Dataset extract:
= = = =
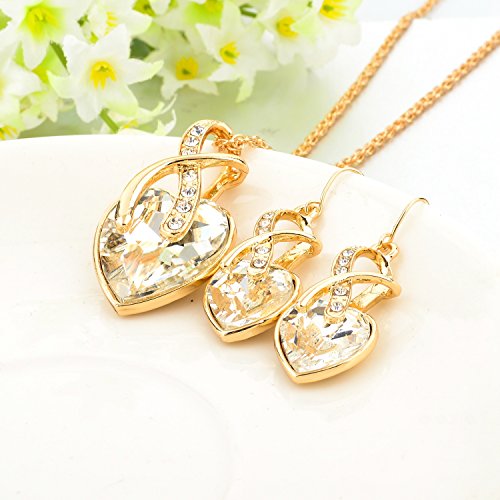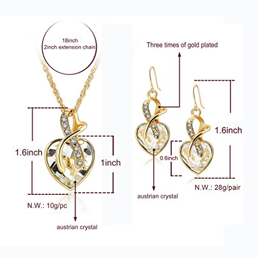 - Feature : Packaged by Beautiful Purple Gift Box / Material: Gold Plated Eco-friendly Zinc Alloy,High Quality Austrian Crystal and Rhinestone / Size:18.0 inch (necklace),big Crystal Heart size:1.0inch,Earring size:1.6 inch / Best Gift For Birthday, Anniversary, Holidays, Stocking Stuffers, Graduation, Christmas, Valentine's Day, Mother's Day and Any Other Occasions / You can exchange or refund in one month if the bracelet has some problem.But you need to offer the photo of the bracelet which has some quality problem.
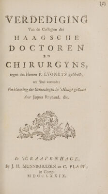 Verdediging van de Collegien der Haagsche Doctoren en Chirurgyns, tegen des Heeren P. Lyonnets geschrift, ten titel voerende: Verlaaring der geneezingen in's Haage gedaan door Jaques [sic] Rainaud.
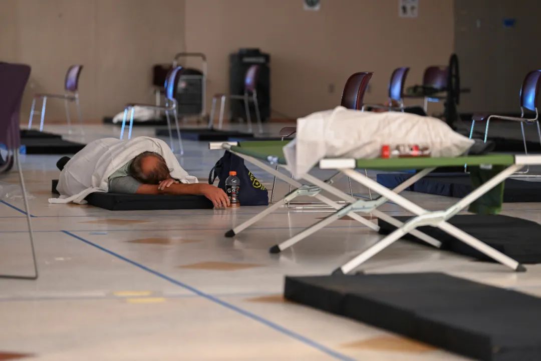 当地时间2021年8月11日,美国俄勒冈州波特兰迎来高温天气,民众在避难所中。图/IC photo
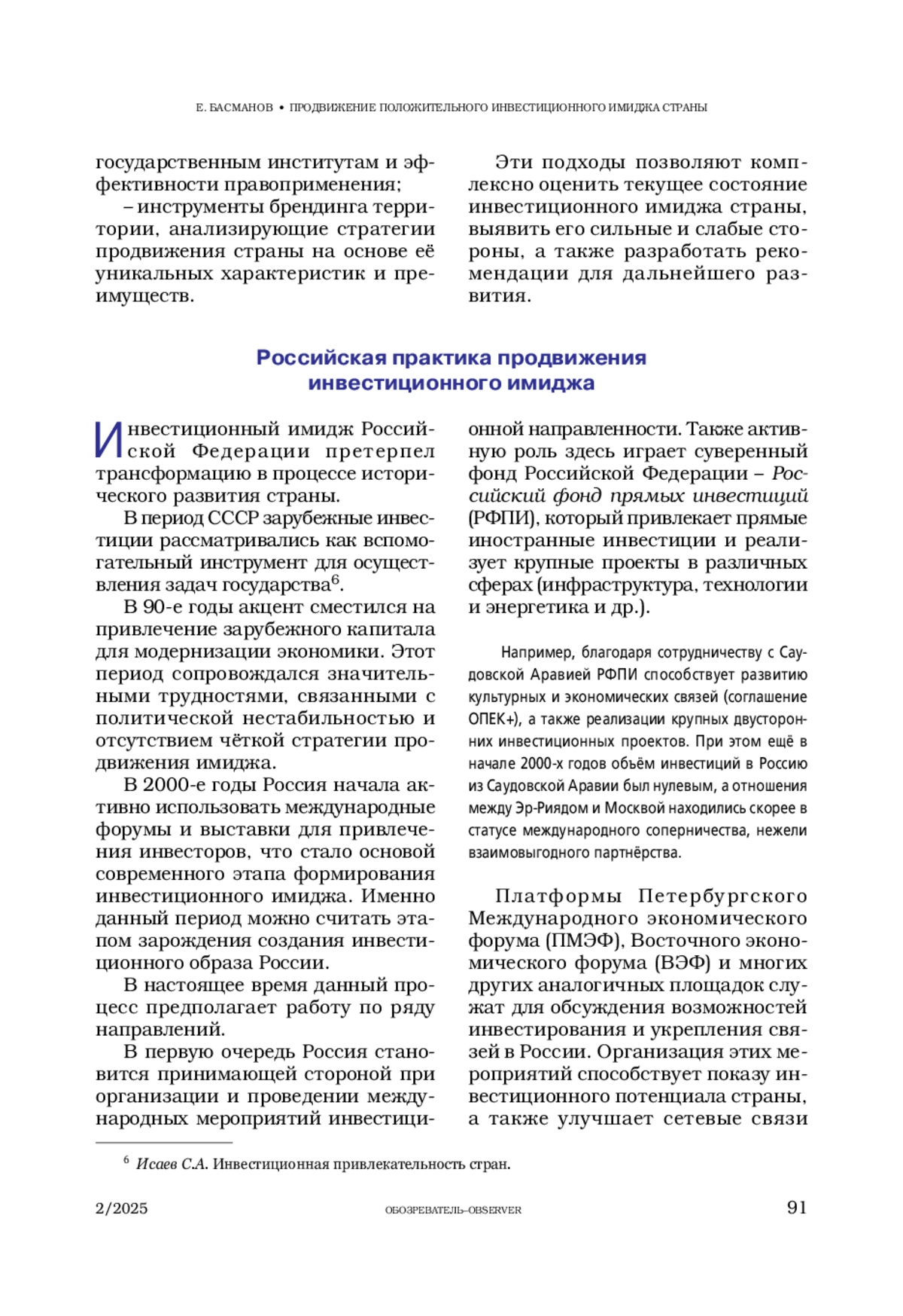 2. Исаев С.А. Инвестиционная привлекательность стран: социологические аспекты // Журнал социологических исследований. 2021. № 3. С. 45-47.
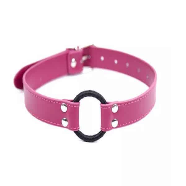 Metal Ring Gag Black With Pink Strap 3.6cm Diameter
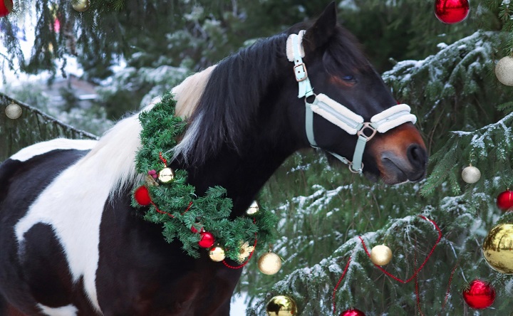 Лошадь возле ёлки. Фото /vk.com/nvch_horse
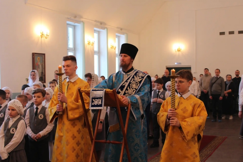 Во время богослужения девятиклассник Матвей Лобашов рассказал гимназистам о церковном празднике.Также был совершён чин освящения свечей на праздник Сретения. По окончании Литургии иеромонах Иов огласил Патриаршее послание по случаю празднования Дня православной молодежи.
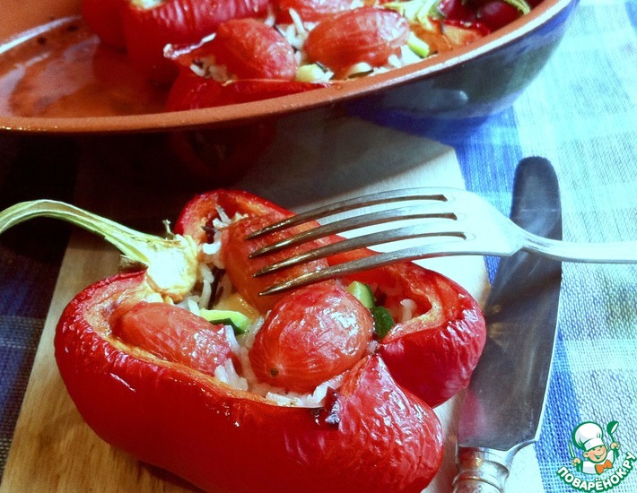 Достаем перцы и выкладываем в них рисовую смесь и помидоры черри. Слегка сбрызгиваем оливковым маслом и запекаем еще 15-20 минут. За это время перцы получаются не распаренными и остаются сочными.
= = = =
Task objective: The records above need to be printed in full and exactly, without any of the pictures.

Output below:
 - Feature : Packaged by Beautiful Purple Gift Box / Material: Gold Plated Eco-friendly Zinc Alloy,High Quality Austrian Crystal and Rhinestone / Size:18.0 inch (necklace),big Crystal Heart size:1.0inch,Earring size:1.6 inch / Best Gift For Birthday, Anniversary, Holidays, Stocking Stuffers, Graduation, Christmas, Valentine's Day, Mother's Day and Any Other Occasions / You can exchange or refund in one month if the bracelet has some problem.But you need to offer the photo of the bracelet which has some quality problem.
 Verdediging van de Collegien der Haagsche Doctoren en Chirurgyns, tegen des Heeren P. Lyonnets geschrift, ten titel voerende: Verlaaring der geneezingen in's Haage gedaan door Jaques [sic] Rainaud.
 当地时间2021年8月11日,美国俄勒冈州波特兰迎来高温天气,民众在避难所中。图/IC photo
 2. Исаев С.А. Инвестиционная привлекательность стран: социологические аспекты // Журнал социологических исследований. 2021. № 3. С. 45-47.
 Metal Ring Gag Black With Pink Strap 3.6cm Diameter
 Лошадь возле ёлки. Фото /vk.com/nvch_horse
 Во время богослужения девятиклассник Матвей Лобашов рассказал гимназистам о церковном празднике.Также был совершён чин освящения свечей на праздник Сретения. По окончании Литургии иеромонах Иов огласил Патриаршее послание по случаю празднования Дня православной молодежи.
 Достаем перцы и выкладываем в них рисовую смесь и помидоры черри. Слегка сбрызгиваем оливковым маслом и запекаем еще 15-20 минут. За это время перцы получаются не распаренными и остаются сочными.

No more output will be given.